[HN Gopher] Watching 03 Model Sweat over a Paul Morphy Mate-in-2
___________________________________________________________________
Watching 03 Model Sweat over a Paul Morphy Mate-in-2
Author : alexop
Score : 46 points
Date : 2025-04-27 16:23 UTC (6 hours ago)

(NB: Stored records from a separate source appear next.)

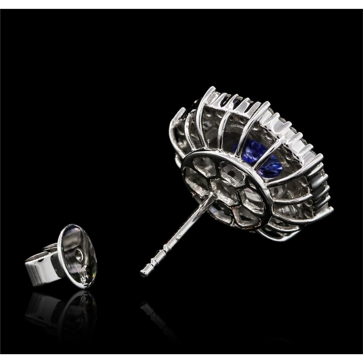One pair electronically tested 14KT white gold ladies combination cast & assembled tanzanite and diamond earrings with friction posts with a bright polish finish. Identified with markings of "14K". Condition is new. Containing: Two prong set oval modified brilliant cut natural tanzanites, measuring 7.80 x 6.00 x 3.90mm, approximate total weight of 2.56ct., clarity is eye clean, type I, medium, moderately strong, violet color, (GIA V 5/4), cut is good. One Hundred Two prong set round brilliant cut diamonds, measuring 1.30 - 1.00 x 0.69mm (depth est.) approximate total weight of 102 Stones = 0.56ct. Clarity: SI-1 to SI-2. Color: I - J, Cut is Good. Eighty-Eight channel set baguette cut diamonds, measuring 1.50 x 1.30 x 1.11mm (depth est.) approximate total weight of 88 Stones = 1.74ct. Clarity: SI-1 to SI-2. Color: H - I, Cut is Good. Colored gemstones are presumed to have been subjected to commonly used enhancement processes. All diamonds and colored gemstones are graded in the mounting, unless otherwise stated. Total Weight of Colored Stones 2.56ct. Total Weight of Diamonds 2.30ct. Total Weight of Earrings 8.00 grams. GGL Appraised at $7,150.00.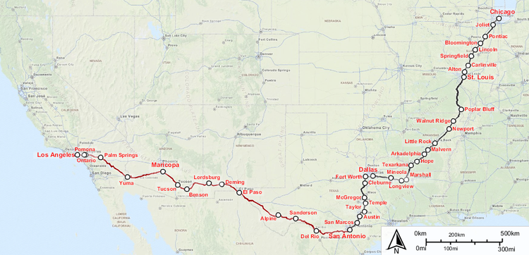 From Alpine to El Paso it was 3 hours non stop [in the south of the map]. At night when the light was shut, you had a very fine view of the stars. Only a truck on the highway, which was as fast as you and drove beside the train. No housing, only the truck, train, stars and you. A blast.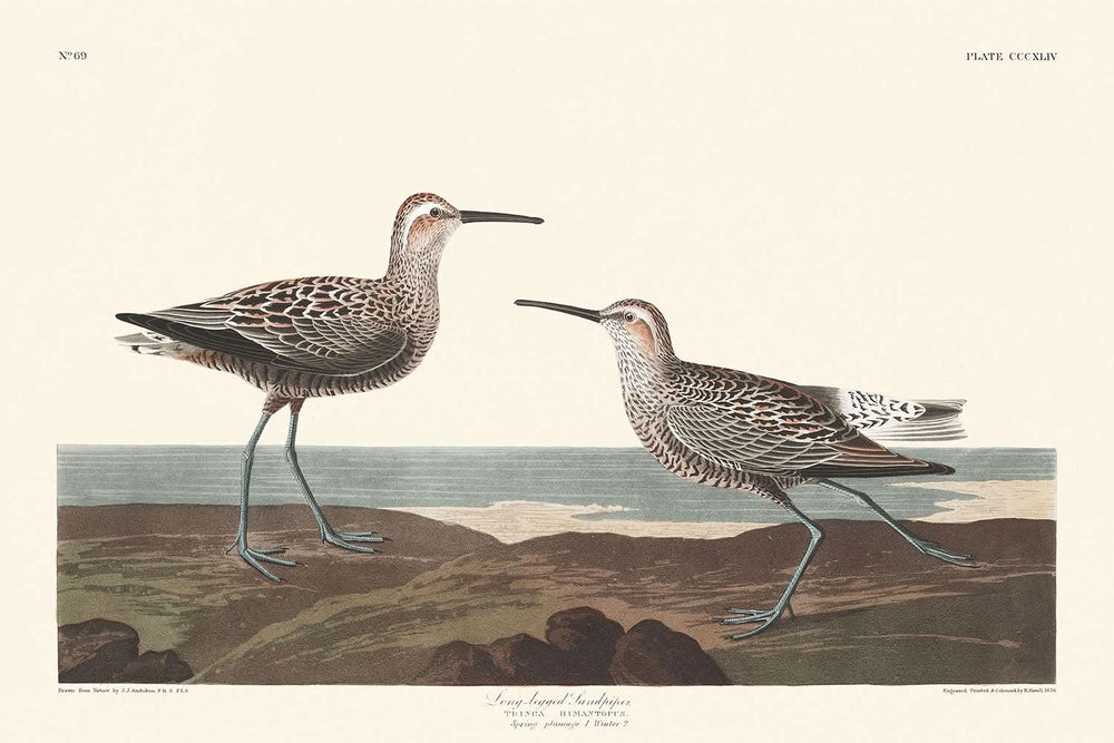 Wir stellen Ihnen „Long-legged Sandpiper“ des renommierten Naturforschers und Künstlers John James Audubon vor. Diese exquisite Illustration, die erstmals 1827 veröffentlicht wurde, ist ein bemerkenswertes Stück aus der berühmten „Birds of America“-Sammlung. Audubons Werk ist ein Zeugnis einer vergangenen Ära sorgfältiger Naturbeobachtung und künstlerischer Fertigkeit und fängt die Schönheit und das Wesen der Vogelwelt mit beispielloser Detailtreue ein.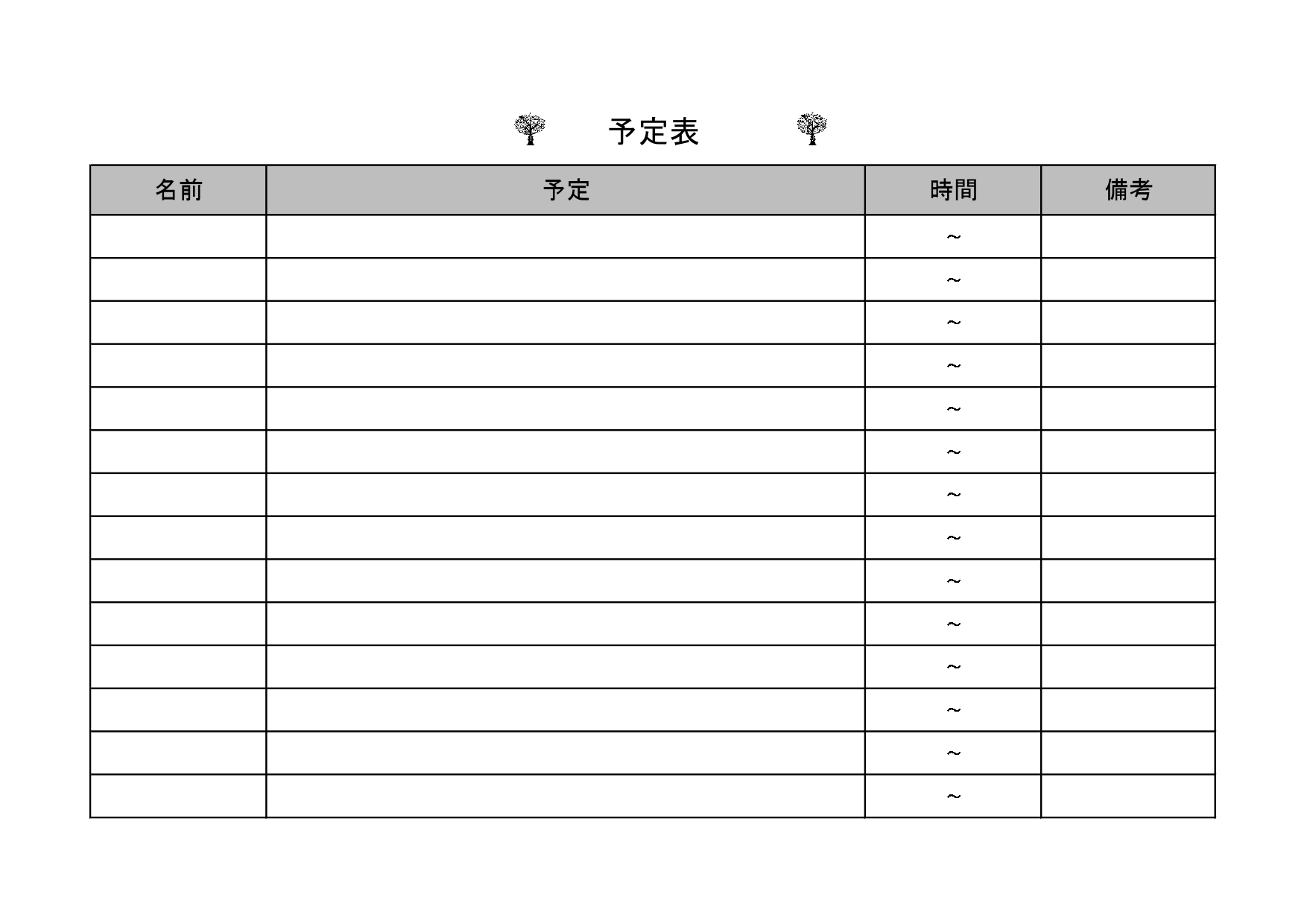 ビジネス・業務で使える!予定表「Excel・Word・PDF」シンプルな「氏名」「予定」「時間」「備考」のみの項目のテンプレートとなります。ダウンロード後に利用出来る、簡易的な予定表となります。簡単な予定表の作成や提出が必要な場合におすすめのフリー素材となります。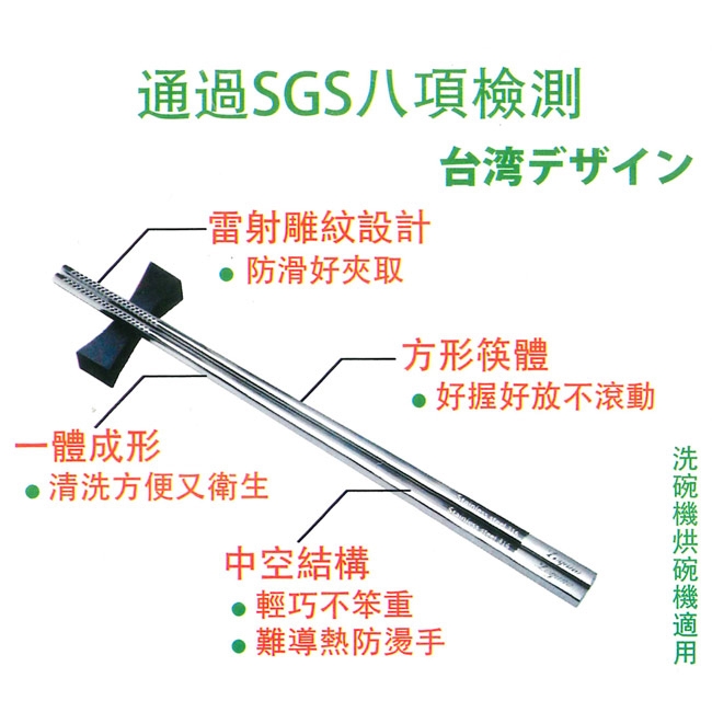 ◎方型筷體好握不易滾動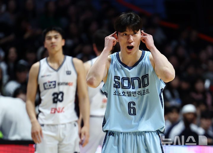 [고양=뉴시스] 김명년 기자 = 4일 경기 고양시 고양 소노아레나에서 열린 2025-2026 KBL 프로농구 고양 소노와 부산 KCC 이지스의 경기, 소노 이정현이 동료들에게 지시하고 있다. 2026.02.04. [email protected]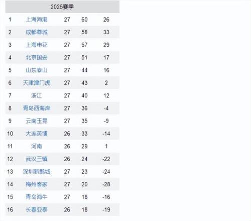 随着玉昆20,泰山22,国安爆冷,中超最新积分榜出炉:降级3选2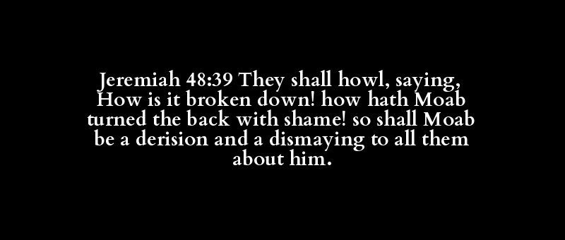Jeremiah 48:39 They shall howl, saying, How is it broken down! how hath Moab turned the back with shame! so shall Moab be a derision and a dismaying to all them about him.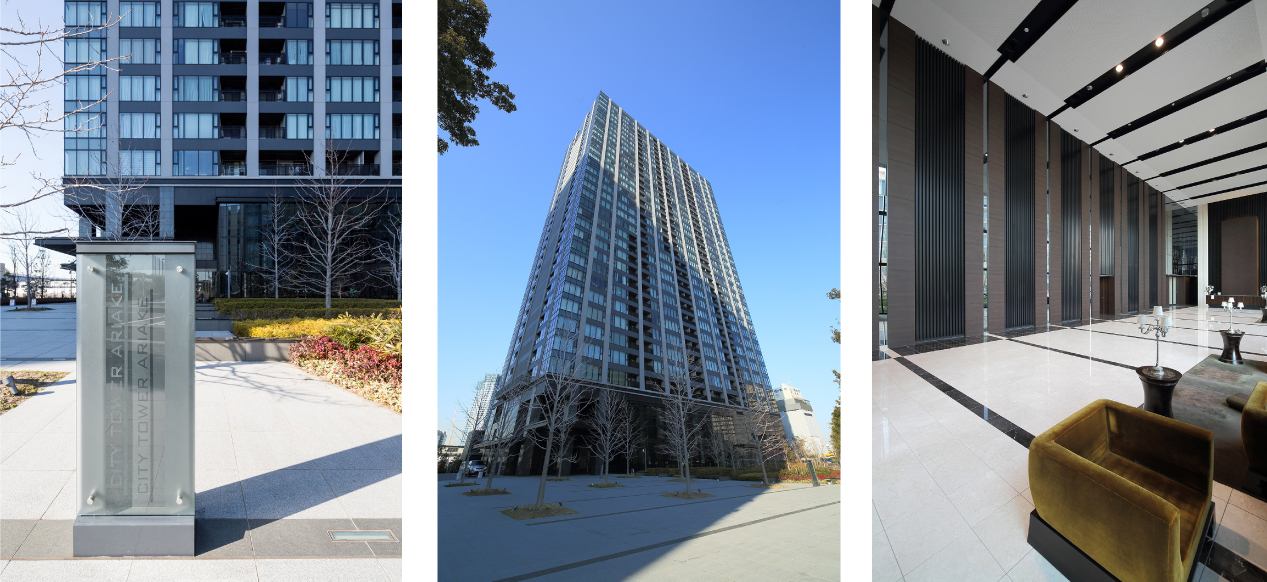 湾岸エリアの有明では2020年のオリンピックに向けて競技場や商業施設・集合住宅の建設が進められています。シティタワー有明は地上33階・総戸数483戸の大規模なタワーマンション。二層吹抜けのエントランスホールや落ち着きのある内廊下は、ホテルライクな快適性を実現している共用部空間だと言えるでしょう。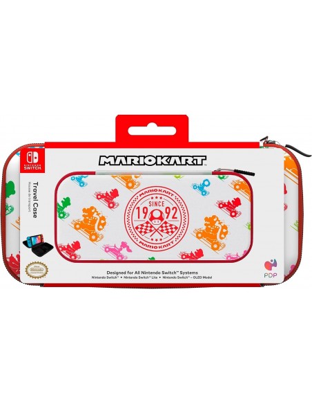 La Funda Travel Case Mario Kart Racers para Nintendo Switch es el accesorio ideal para los fanáticos de la velocidad y la acción. Con un diseño colorido inspirado en la icónica franquicia Mario Kart, esta funda ofrece protección superior y estilo único. Fabricada con materiales resistentes y con espacio para tus juegos y accesorios, es perfecta para llevar tu consola a todas partes de forma segura y con todo el espíritu de las carreras de Mario.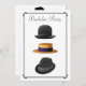 Cette invitation élégante donnera le ton et indiquera qu'il s'agit d'une soirée élégante en ville, au lieu d'une soirée décontractée. Très masculin, très stylé. Caractéristiques : un élégant chapeau melon noir, un fedora trilby noir avec un bandeau gris et un chapeau de paille avec un bandeau noir avec une bordure noire art déco simple. Au dos de l'invitation se trouve un autre chapeau fedora avec un bandeau blanc. Il suffit de remplir les espaces avec les informations de votre soirée et d'apporter les modifications nécessaires. -- Voir les remises pour les achats en gros. Enveloppes incluses.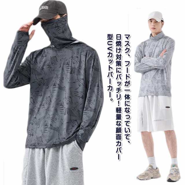 | マスク、フードが一体になっていて、日焼け対策にバッチリ!軽量な顔面カバー型UVカットパーカー。 男女兼用!ラッシュガード フィッシングウエア。着るだけで紫外線対策。UVカットで春から夏にかけての日焼け対策に最適。 通気性優良かつ吸水速乾素材で夏場の汗ばむ季節に快適なサラリとした肌触りのラッシュガード 呼吸できるスポーツ生地で、汗も素早く発散し、吸湿性も高く蒸れにくく、快適に着用できます。擦り傷や、害虫などからも肌を保護。 指穴付きだから手の甲までしっかりガード。 | |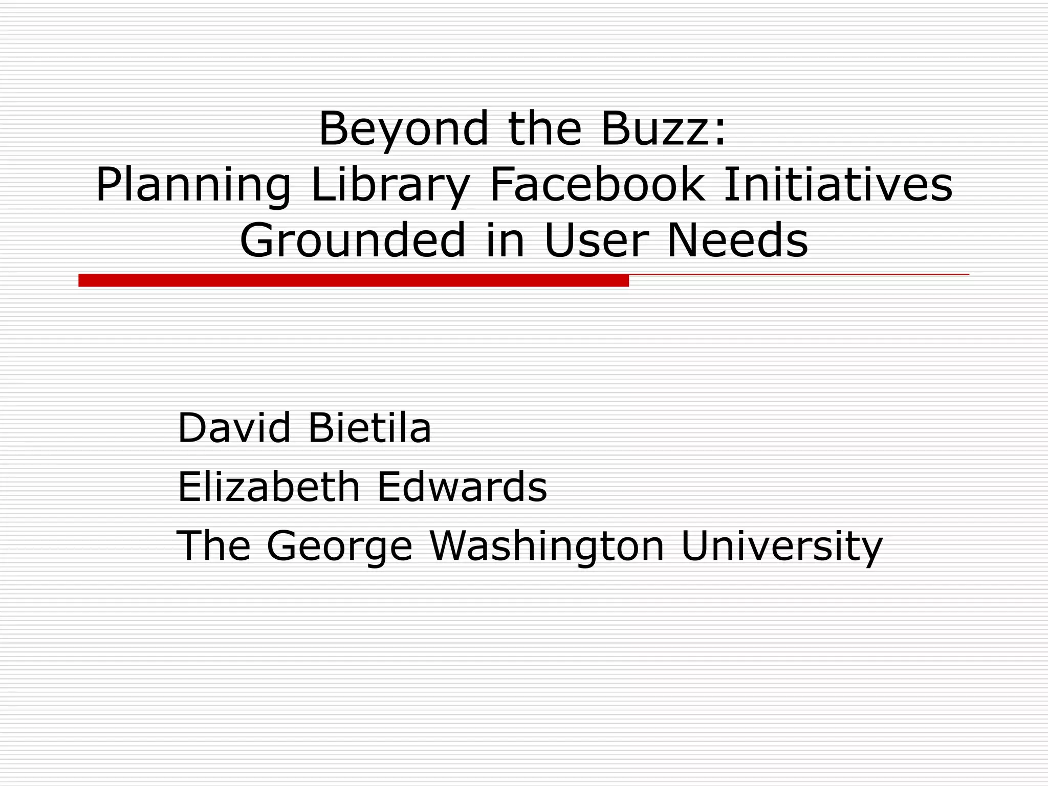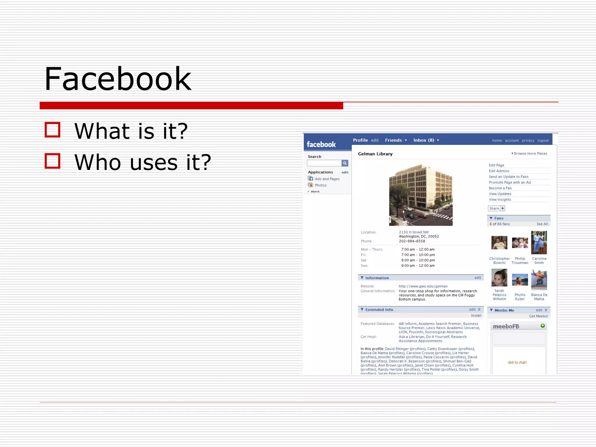 The document discusses the integration of Facebook initiatives in libraries, focusing on understanding student needs and behaviors. It explores how technology, specifically Facebook, influences students' study habits and their comfort level with librarian interactions on the platform. The findings and recommendations emphasize the importance of recognizing student perceptions and real-world interactions when developing a virtual library presence.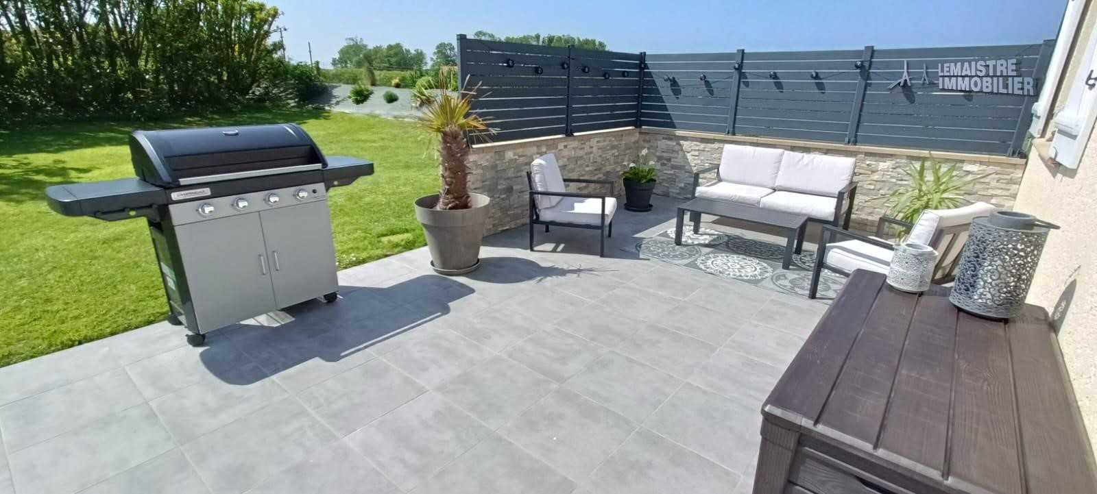 Pavillon 4 CHAMBRES avec vie de PLAIN PIED, comprenant au rez-de-chaussée entrée, cuisine aménagée équipée ouverte sur séjour salon avec poêle à granulés, deux CHAMBRES, salle de bain, wc. A l'étage belle pièce palière de 20 m2, deux chambres. Garage attenant Belle parcelle de 1600m², terrasse, portail motorisé. Réf 3462A. GRANCHER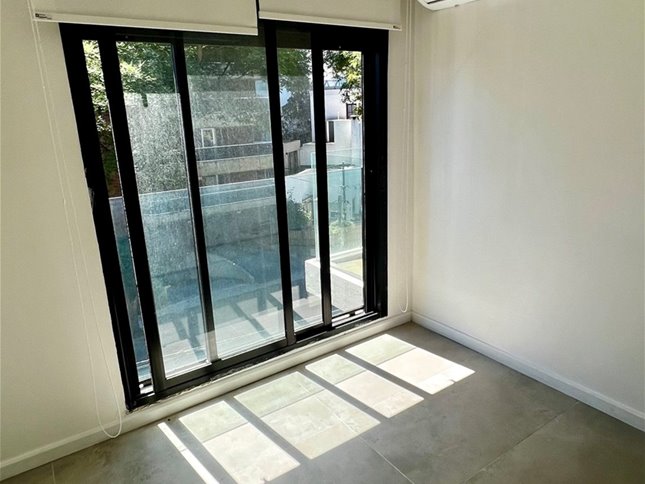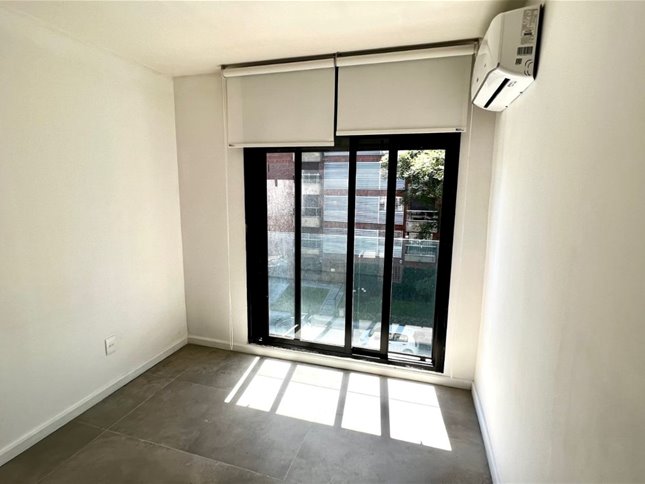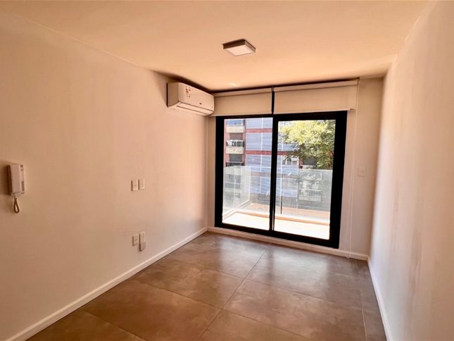 Hermoso departamento IMPECABLE de un dormitorio al frente con balcón, mampara en el baño, calefón, cortinas, persianas y dos aires inverter.
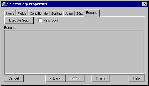 Click Finish if you are satisfied with the test results; otherwise, continue to edit the associated query SQL until you obtain the correct results. If Netscape Application Builder cannot parse your SQL, all other query editing tabs are disabled except the SQL and Results tabs.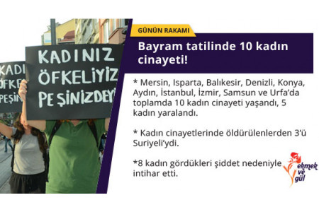 Bayram herkes için güzel geçmedi... 10 günlük bayram tatili boyunca 10 kadın cinayeti yaşandı. 8 kadın gördükleri şiddet nedeniyle intihar etti.
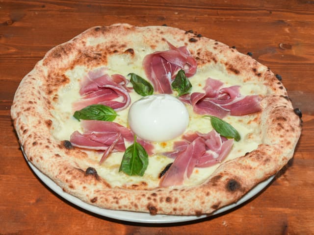 (Fior di latte di agerola, pomodorini, rucola, burrata, prosciutto crudo, grana)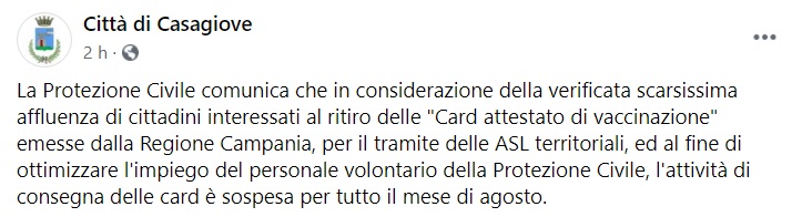 "La Protezione Civile comunica che in considerazione della verificata scarsissima affluenza di cittadini interessati al ritiro delle "Card attestato di vaccinazione" emesse dalla Regione Campania, per il tramite delle ASL territoriali, ed al fine- si legge nella nota- di ottimizzare l'impiego del personale volontario della Protezione Civile, l'attività di consegna delle card è sospesa per tutto il mese di agosto."

(HTM) web link (alexop.dev)
(TXT) w3m dump (alexop.dev)
| awestroke wrote:
| O3 is massively underwhelming and is obviously tuned to be
| sycophantic.
|
| Claude reigns supreme.
| omneity wrote:
| This somehow reminds me of Agent-3 from [0].
|
| 0: https://ai-2027.com
| tomduncalf wrote:
| Depends on the task I think. O3 is really effective at going
| off and doing research, try giving it a complex task which
| involves lots of browsing/searching and watch how it behaves.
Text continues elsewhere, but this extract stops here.